Merge all engineered features into a single feature matrix ready for model training.

In [None]:
# Combine all engineered features
print("Combining feature sets...")
print("-"*60)

# Start with loan features
features_df = loan_features.copy()
print(f"1. Loan features: {loan_features.shape[1]} columns")

# Add market features (exclude any duplicate columns)
market_cols_to_add = [c for c in market_features.columns if c not in features_df.columns]
features_df = pd.concat([features_df, market_features[market_cols_to_add]], axis=1)
print(f"2. Added market features: {len(market_cols_to_add)} new columns")

# Add liquidity features (only the derived features, not the original columns)
liquidity_cols_to_add = [c for c in liquidity_feature_names if c in liquidity_features.columns and c not in features_df.columns]
features_df = pd.concat([features_df, liquidity_features[liquidity_cols_to_add]], axis=1)
print(f"3. Added liquidity features: {len(liquidity_cols_to_add)} new columns")

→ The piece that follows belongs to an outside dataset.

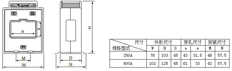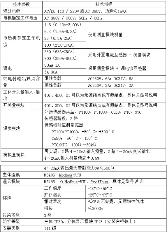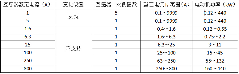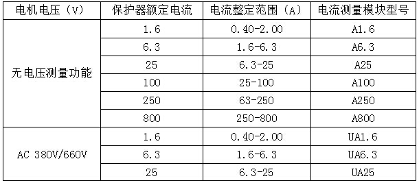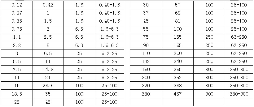 注:>250kW的低壓電動(dòng)機(jī),額定電流小于800A時(shí)均可選用800A等級的電動(dòng)機(jī)保護(hù)器。

# Remove any duplicate columns that may have been created
features_df = features_df.loc[:, ~features_df.columns.duplicated()]

# Add target variable
features_df['liquidity_tier'] = df['liquidity_tier']

print("\n" + "="*60)
print(f"FINAL FEATURE MATRIX")
print("="*60)
print(f"Shape: {features_df.shape[0]:,} rows x {features_df.shape[1]} columns")
print(f"Memory usage: {features_df.memory_usage(deep=True).sum() / 1024:.1f} KB")

print("\nAll columns:")
for i, col in enumerate(features_df.columns, 1):
    print(f"  {i:2d}. {col}")

# Display sample
print("\n" + "-"*60)
print("SAMPLE DATA")
print("-"*60)
display(features_df.head())

## 7. Feature Summary Table

Complete list of all engineered features with their descriptions and categories.

In [None]:
# Create comprehensive feature summary table
feature_summary = []

# Loan features
loan_feature_info = {
    'loan_id': ('Identifier', 'Unique loan identifier'),
    'facility_size': ('Loan', 'Total facility amount in millions'),
    'facility_size_log': ('Loan', 'Natural log of facility size'),
    'facility_size_pctl': ('Loan', 'Percentile rank of facility size (0-100)'),
    'credit_rating_encoded': ('Loan', 'Ordinal encoding of credit rating (1=BB+, 8=CCC)'),
    'current_spread': ('Loan', 'Current spread over SOFR in basis points'),
    'spread_z_score': ('Loan', 'Z-score of spread within rating category'),
    'time_to_maturity': ('Loan', 'Years until maturity'),
    'maturity_bucket': ('Loan', 'Maturity bucket: Short/Medium/Long'),
    'near_maturity': ('Loan', 'Flag for loans maturing within 1 year'),
    'covenant_lite': ('Loan', 'Boolean: covenant-lite loan indicator'),
}

# Add rating one-hot features
for rating in ['BB+', 'BB', 'BB-', 'B+', 'B', 'B-', 'CCC+', 'CCC']:
    loan_feature_info[f'rating_{rating}'] = ('Loan', f'One-hot: credit rating is {rating}')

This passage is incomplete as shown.